ACTIVITY:
Below, locate the line that contains "Le client a". Repeat exactly from that line to the line that contains "核心是星辰身法,看了一些攻略发现大家都被误解了,红色功法没有三星之前是比较拉的", inclusive, leaving out the pictures.

EXERCISE DATA:
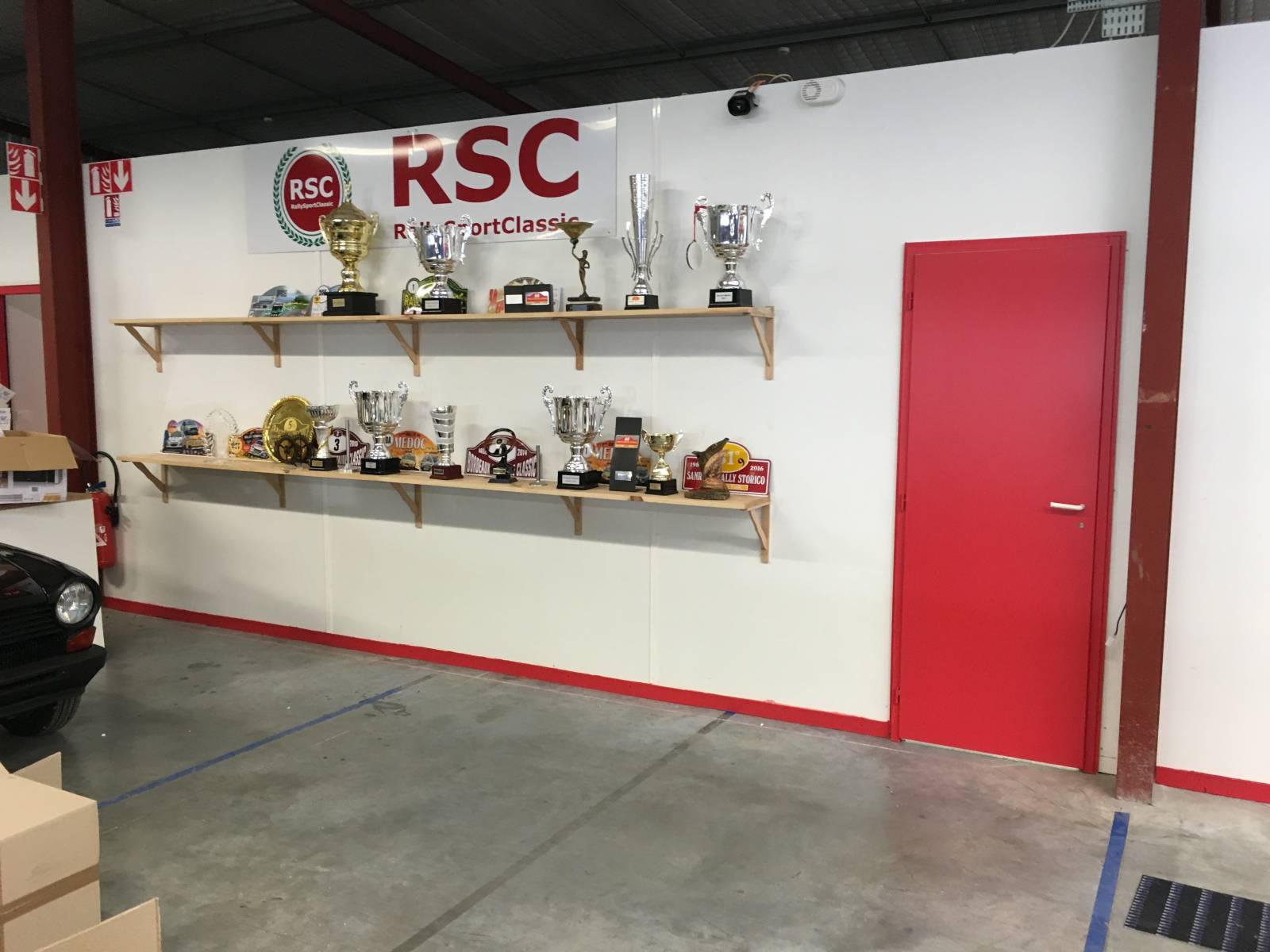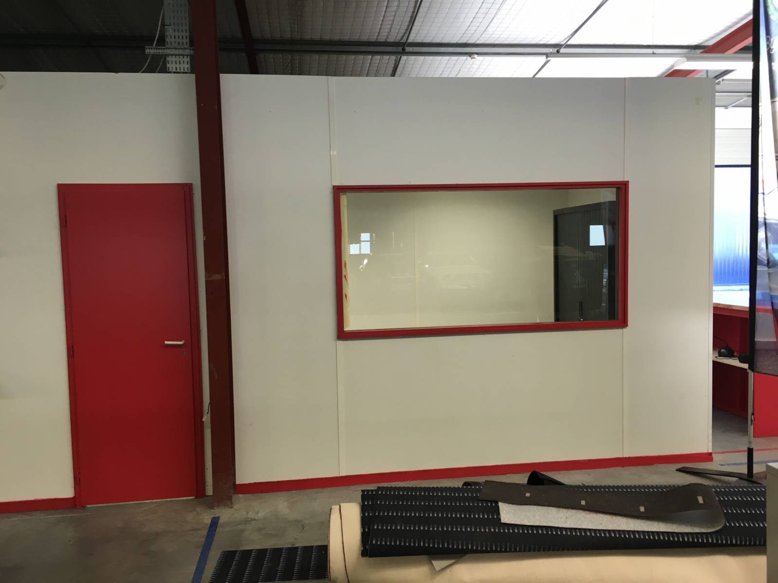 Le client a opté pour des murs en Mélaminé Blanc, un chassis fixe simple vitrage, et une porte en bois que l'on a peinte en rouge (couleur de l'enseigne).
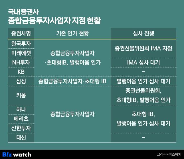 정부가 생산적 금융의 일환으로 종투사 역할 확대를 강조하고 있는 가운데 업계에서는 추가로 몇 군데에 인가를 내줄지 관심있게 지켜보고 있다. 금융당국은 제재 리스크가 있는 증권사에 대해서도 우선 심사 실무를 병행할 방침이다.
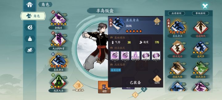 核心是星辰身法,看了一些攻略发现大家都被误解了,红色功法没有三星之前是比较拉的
...
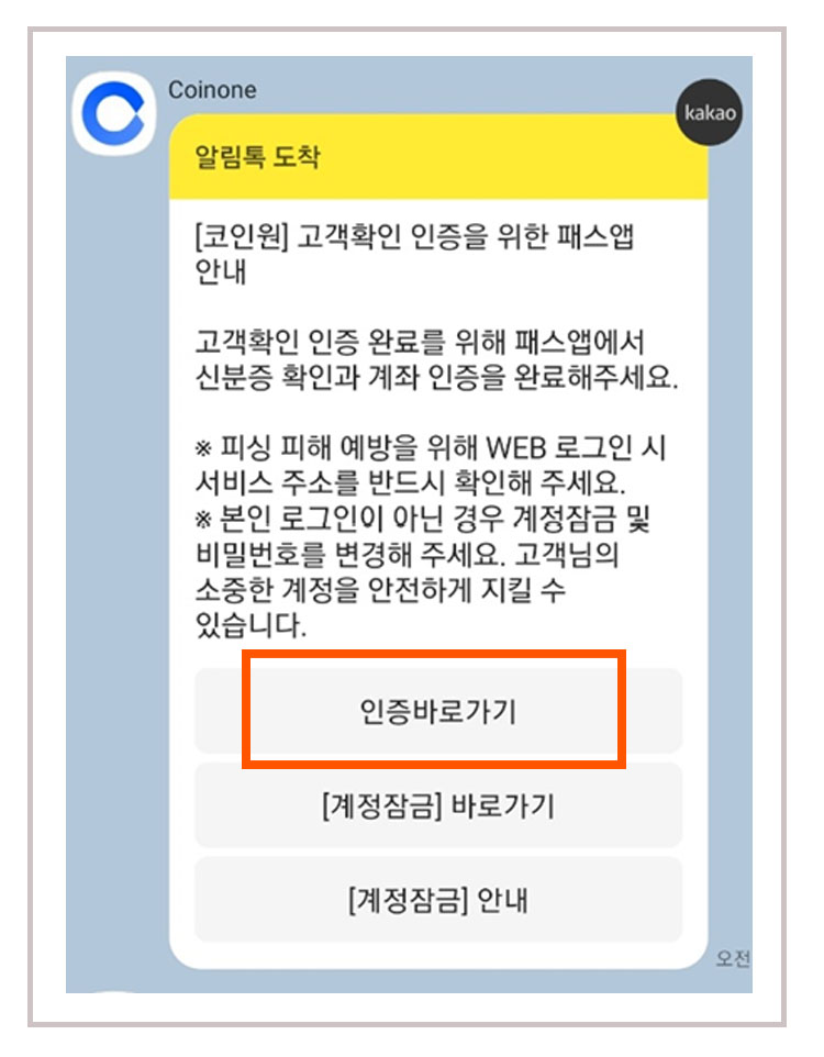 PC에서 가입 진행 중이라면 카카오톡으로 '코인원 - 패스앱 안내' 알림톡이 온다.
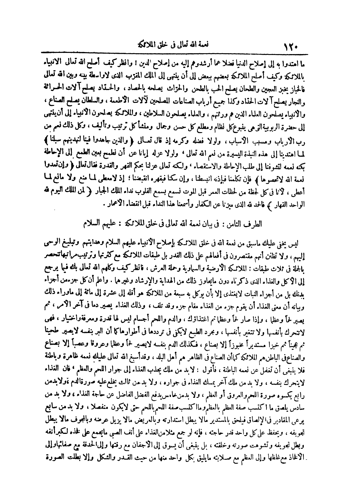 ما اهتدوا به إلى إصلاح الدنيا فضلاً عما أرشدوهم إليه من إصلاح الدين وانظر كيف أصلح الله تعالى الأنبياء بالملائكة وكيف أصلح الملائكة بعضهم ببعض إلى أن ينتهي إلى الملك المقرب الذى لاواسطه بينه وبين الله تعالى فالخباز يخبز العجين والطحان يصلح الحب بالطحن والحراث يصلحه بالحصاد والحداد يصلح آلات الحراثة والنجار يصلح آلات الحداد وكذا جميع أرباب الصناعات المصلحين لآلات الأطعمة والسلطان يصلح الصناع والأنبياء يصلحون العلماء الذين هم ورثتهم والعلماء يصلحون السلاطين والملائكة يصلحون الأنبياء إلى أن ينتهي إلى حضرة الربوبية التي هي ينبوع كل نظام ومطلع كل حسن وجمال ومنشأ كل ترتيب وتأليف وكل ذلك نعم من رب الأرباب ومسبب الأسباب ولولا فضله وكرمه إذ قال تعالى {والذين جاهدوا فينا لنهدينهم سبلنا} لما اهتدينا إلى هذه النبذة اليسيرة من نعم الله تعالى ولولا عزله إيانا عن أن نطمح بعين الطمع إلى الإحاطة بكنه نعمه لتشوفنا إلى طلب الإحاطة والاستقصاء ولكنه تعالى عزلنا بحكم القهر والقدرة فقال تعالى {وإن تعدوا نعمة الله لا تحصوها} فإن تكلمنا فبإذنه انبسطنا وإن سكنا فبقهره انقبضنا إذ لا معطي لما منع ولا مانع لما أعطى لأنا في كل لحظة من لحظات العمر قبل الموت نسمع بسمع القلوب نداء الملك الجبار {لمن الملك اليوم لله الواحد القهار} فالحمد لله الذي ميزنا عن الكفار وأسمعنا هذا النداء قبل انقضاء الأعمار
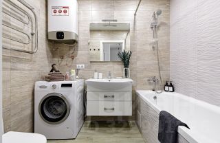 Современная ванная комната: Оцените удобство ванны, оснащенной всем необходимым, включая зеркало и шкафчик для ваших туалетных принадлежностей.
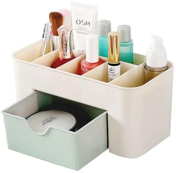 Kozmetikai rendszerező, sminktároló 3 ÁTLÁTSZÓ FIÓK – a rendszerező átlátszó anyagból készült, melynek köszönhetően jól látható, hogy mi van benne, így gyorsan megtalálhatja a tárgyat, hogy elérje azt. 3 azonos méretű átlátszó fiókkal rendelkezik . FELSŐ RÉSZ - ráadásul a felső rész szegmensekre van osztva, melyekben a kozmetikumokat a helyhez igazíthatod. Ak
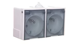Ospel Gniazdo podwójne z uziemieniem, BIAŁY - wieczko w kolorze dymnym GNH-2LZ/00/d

COMPLETED EXERCISE:
 Le client a opté pour des murs en Mélaminé Blanc, un chassis fixe simple vitrage, et une porte en bois que l'on a peinte en rouge (couleur de l'enseigne).
 정부가 생산적 금융의 일환으로 종투사 역할 확대를 강조하고 있는 가운데 업계에서는 추가로 몇 군데에 인가를 내줄지 관심있게 지켜보고 있다. 금융당국은 제재 리스크가 있는 증권사에 대해서도 우선 심사 실무를 병행할 방침이다.
 核心是星辰身法,看了一些攻略发现大家都被误解了,红色功法没有三星之前是比较拉的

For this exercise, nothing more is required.